AIR 2004 SC 1264 which is a case of single injury the Supreme Court held that in order to ascertain whether the offence has been committed under any of the Exception of section 300, IPC. the nature of injury, the part of the body where it is caused and the force which was used would be relevant factors. We have already held that on account of the repeated blows caused by appellant Mohan Singh to the deceased on the abdominal region omentum came out and, therefore for no rhyme or reason it can be held that appellants have committed any offence lesser to section 302, IPC. Thus the decisions of Sikander alias Mohd. Safiq (1999 Cri LJ 2098) (supra). Wazir Chand ( AIR 1978 SC 315 ) (supra). Kikar Singh (supra), Rajendra Singh (1993 Cri LJ 3255) (supra), decision of the Supreme Court Sukhdev Singh (2003 Cri LJ 4315) (supra) placed reliance by the learned counsel for the appellants are distinguishable on the facts, 24. We have also gone through the testimony of Dr.
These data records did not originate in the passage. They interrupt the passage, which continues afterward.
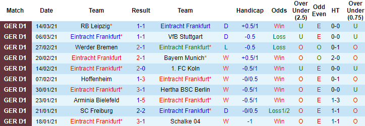 + Thống kê 10 trận gần nhất của Eintracht Frankfurt
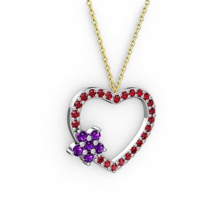 Ametist ve garnet 14 ayar beyaz altın kolye (40 cm gümüş rolo zincir)
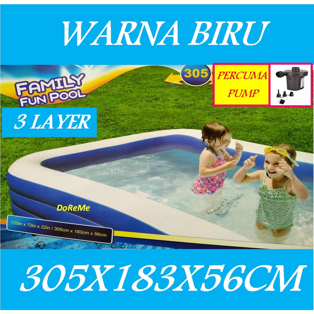 KOLAM MANDI MURAH BESAR KANAK-KANAK & DEWASA, PUMP PERCUMA, INFLATABLE POOL FOR CHILD ADULT 1.2M, 1.5M, 1.8M, 2.6M,3.05M
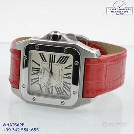 Per conoscere il prezzo e le caratteristiche tecniche dei nostri orologi visita il nostro sito ufficiale: https://lwmitalia.com/it Tutti i nostri orologi vengono verificati e revisionati dal nostro laboratorio specializzato “KeepTime Lab”: https://keeptimelab.com/it/ Cartier Santos 100 taglia XL grande acciaio, anno di produzione 2019, ghiera acciaio liscia a 8 viti, vetro zaffiro antiriflesso, quadrante colore bianco con indici romani e sfere al LumiNova, movimento meccanico a carica automatica, cinturino in pelle di alligatore colore rosso con doppia chiusura deployante acciaio originale Cartier. Orologio Cartier originale in ogni sua parte, nuovo di fabbrica e senza segni di usura, con ancora tutte le sue pellicole originali Cartier ancora applicate, full set (scatola, accessori vari, garanzia card ufficiale Cartier) garanzia/dichiarazione di vendita nostro negozio valida per 12 mesi
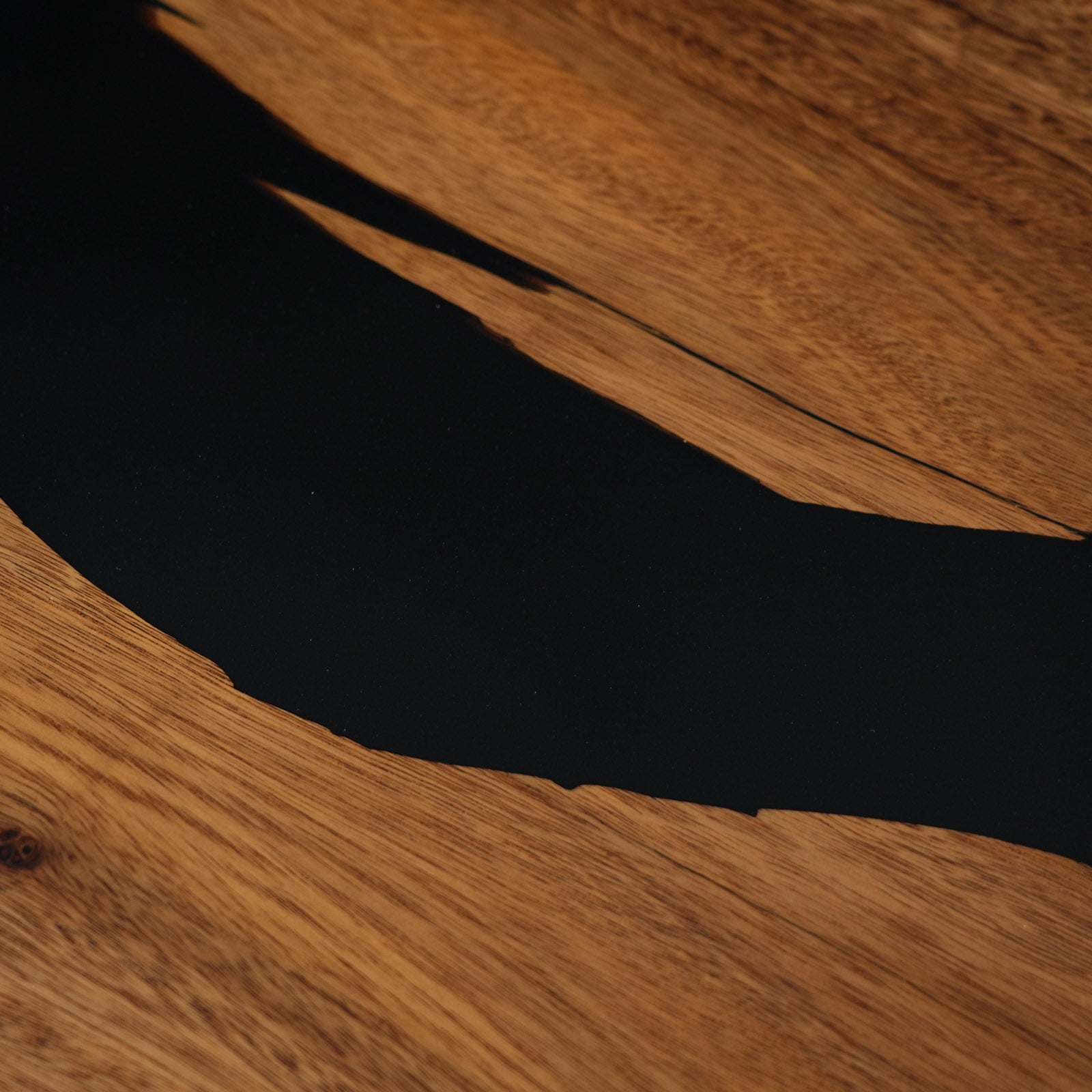 • Black Epoxy River Design – The modern black epoxy pour enhances the table’s bold contrast and creates a sophisticated, timeless centerpiece.

Shridhar Sharma (PW-8) and the MLC report of Mangal Singh in which as many as 9 incised wounds have been found and first three injuries are on abdominal region and, therefore, according to us appellants have committed the offence punishable under section 307/34 IPC. Dr. Shridhar Sharma (PW-8) has further opined that injuries No. 1 to 3 were dangerous to life. Thus according to us, learned trial Court did not commit any error in convicting the appellants under section 307/34 IPC also. The conviction of appellants under sections 302/34 and 307/34 IPC is hereby I upheld. 25. Resultantly, this appeal is found to be devoid of any substance and the same is hereby dismissed. Appeal dismissed.